When I’m in pain and life feels broken all around me, my mind seems to automatically default to questions like: What’s wrong with me? What do I need to fix? What do I need to do better?
It makes sense. I’m hurting. I feel broken and bruised and beaten up by life. Of course, I want to know what to fix to make things better.
But here’s the thing: our minds are very, very good at searching out and finding answers to the questions we ask.
When I ask about what’s wrong with me, my mind goes into hyperdrive to seek out and find answers to that question. It ignores everything that’s right, everything that’s good, everything that’s working, and instead it serves up everything it can possibly find about what’s wrong with me.
I don’t know about you, but when I’m already in pain and feeling mangled by life, the last thing I find helpful is my mind serving up an endless list of all the things that are “wrong” with me that I need to “fix.” All that does is leave me feeling even more beat up, weighed down, discouraged, and hopeless.
A better set of questions to focus on are questions like: What am I doing right?
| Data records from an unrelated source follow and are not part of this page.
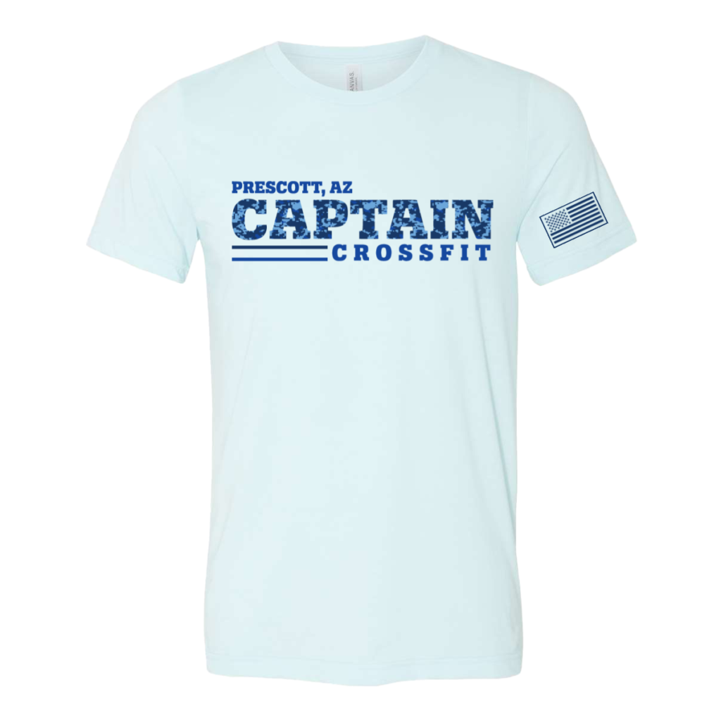 Prescott Captain CrossFit Military Tee This design brought a bold military feel to a clean everyday shirt. Overview We used a light blue tee for a soft but strong base. The front design featured CAPTAIN in a camo style with Prescott AZ above and CrossFit below. A flag hit on the sleeve added a clear […]
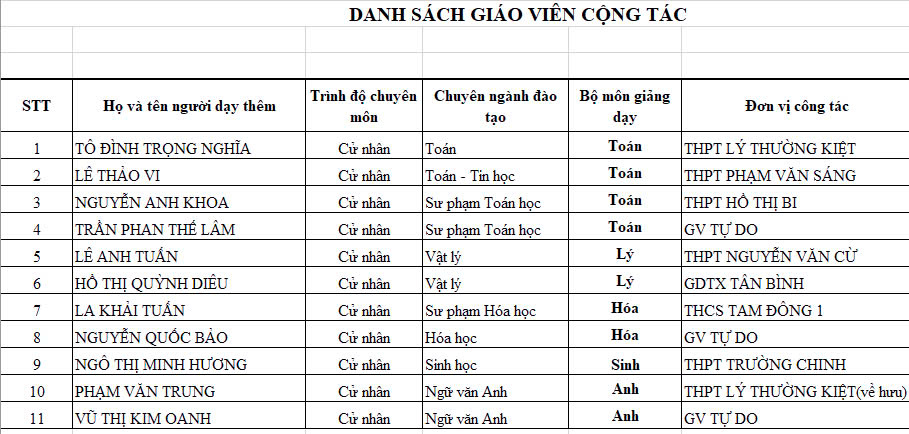 ĐỘI NGŨ GIÁO VIÊN KINH NGHIỆM TẠI TRUNG TÂM LUYỆN THI ĐẠI HỌC TRÍ MINH
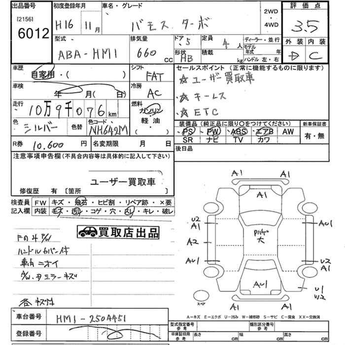 HONDA VAMOS - лот 6012
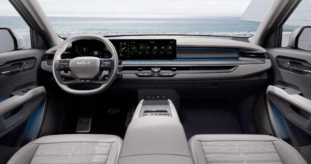 대시보드에는 12.3인치 디지털 계기판과 12.3인치 인포테인먼트 시스템이 통합된 형태로 자리 잡고 있으며, 최신 기아 커넥트 시스템이 적용되어 직관적인 사용자 경험을 제공합니다. 이 시스템은 애플 카플레이와 안드로이드 오토를 지원하며, 음성 인식 기능도 포함되어 있어 손쉬운 제어가 가능합니다.
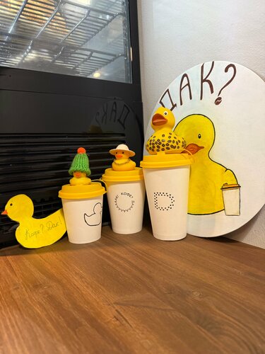 Совсем небольшое кафе в утином стиле. Забавно. Хорошее кофе.
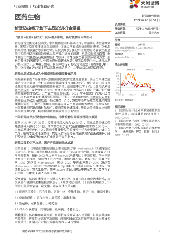 【天风证券】【20220308】医药生物行业:新冠防控新形势下主题投资机会展望-18页
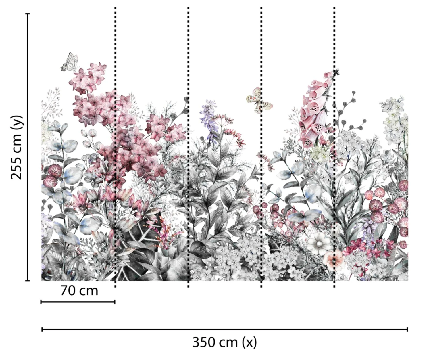 Fototapete DESIGNWALLS – rosa-grau – Blumen – 2,55 Meter
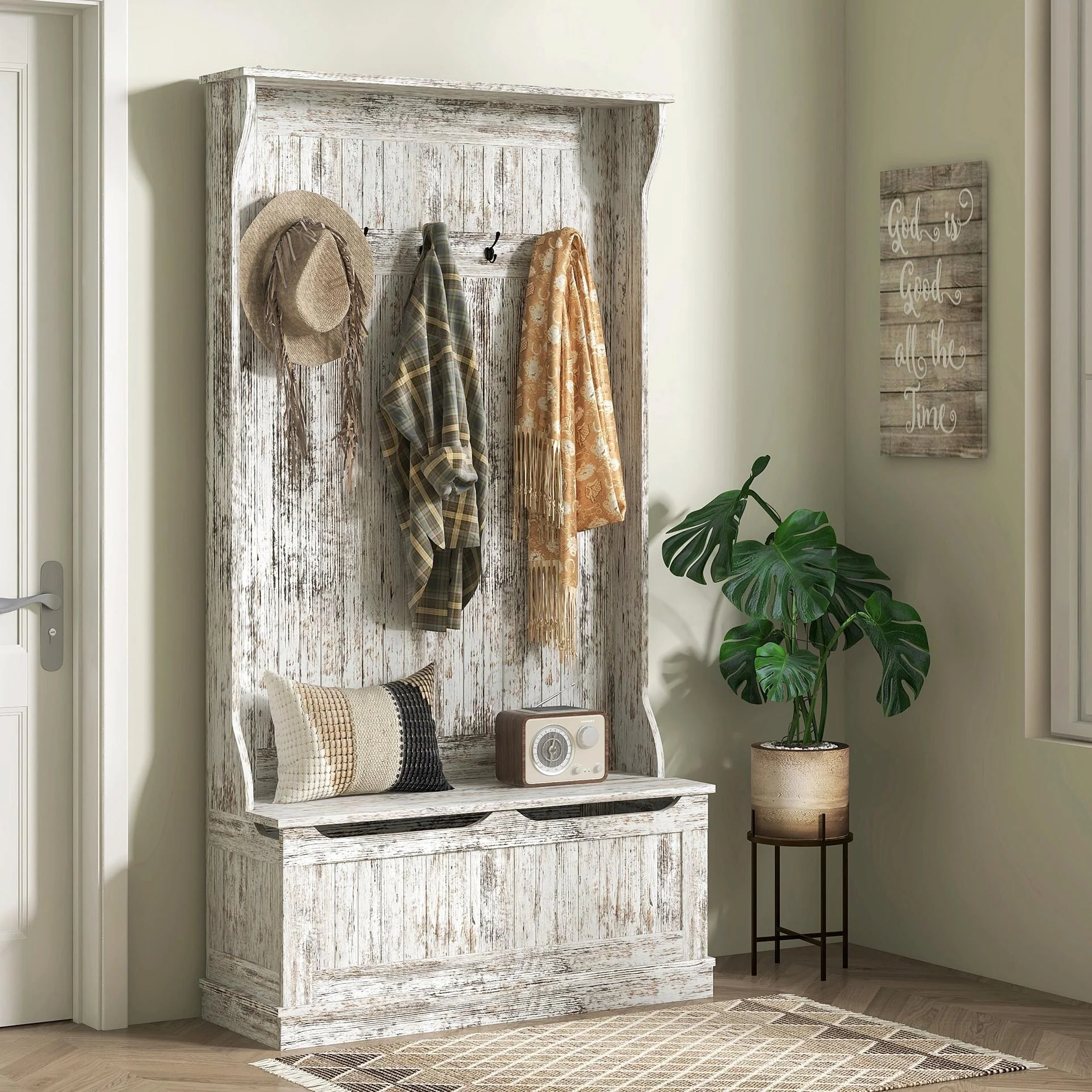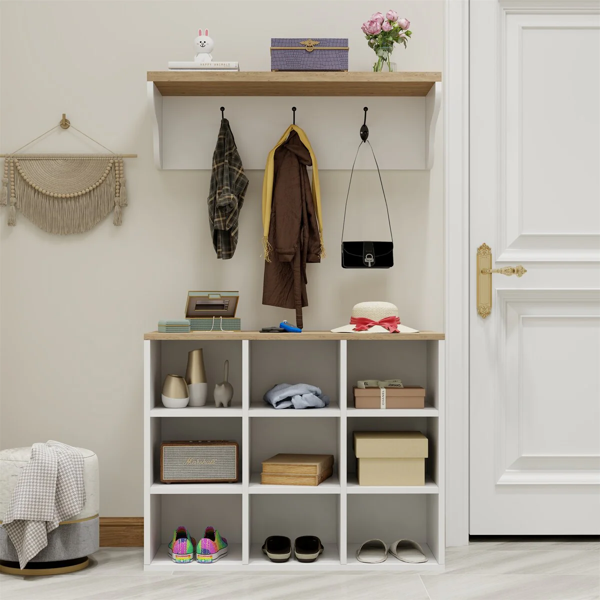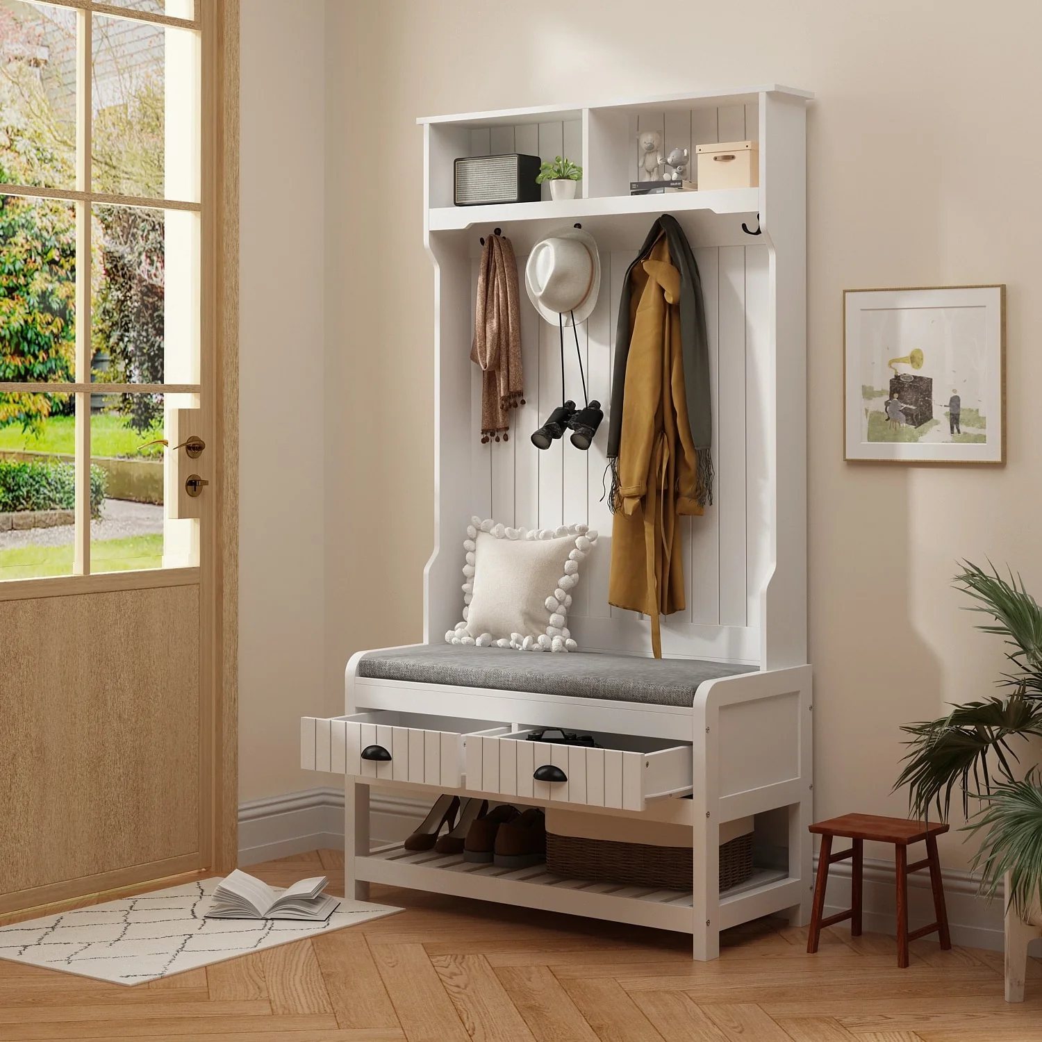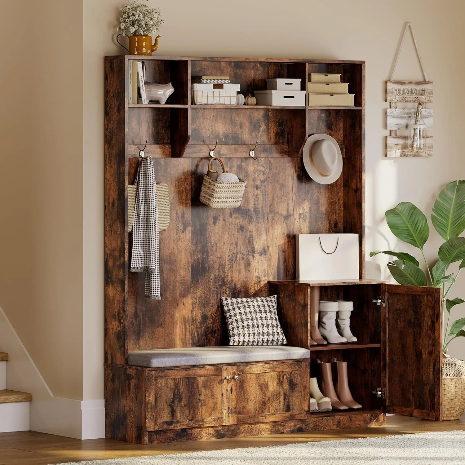 Entryway Bench with Coat Rack & Shoe Storage

What’s working right now? Where am I growing?
Once again, our minds go to work on the questions we’re asking, but now they are seeking out our strengths, our blessings, and the places where there’s good happening.
Instead of drowning us in all that’s wrong, bad, and broken, our minds are feeding us hopeful reminders all that’s good in our lives. It shows us the growth that’s happening, the kintsugi gold that’s taking shape, the healing that’s on the move, the support and strengths that we still have even in the midst of the rubble of life’s brokenness.
This is not about ignoring what hurts, pretending the painful things in our lives don’t exist, avoiding the grief or the fear or the despair that we feel, or even about only thinking happy thoughts.
This is choosing to walk right into the center of all those hard things and still focus on seeking out what supports us and helps us heal.
By asking ourselves what’s going well in the moment, we find the hope, the strength, the support, and the skills we need to face all that hard stuff head on because we are connecting to the parts of ourselves that can carry us through.
What questions do you unconsciously default to when you’re in pain? Are those questions helping you or hindering you as you attempt to heal and grow?
I challenge you to spend some time asking yourself questions about what’s working, what’s going well, what you’re doing right, and where you’re growing. Giving your mind a mission to seek out the good just may give you more support than you can imagine.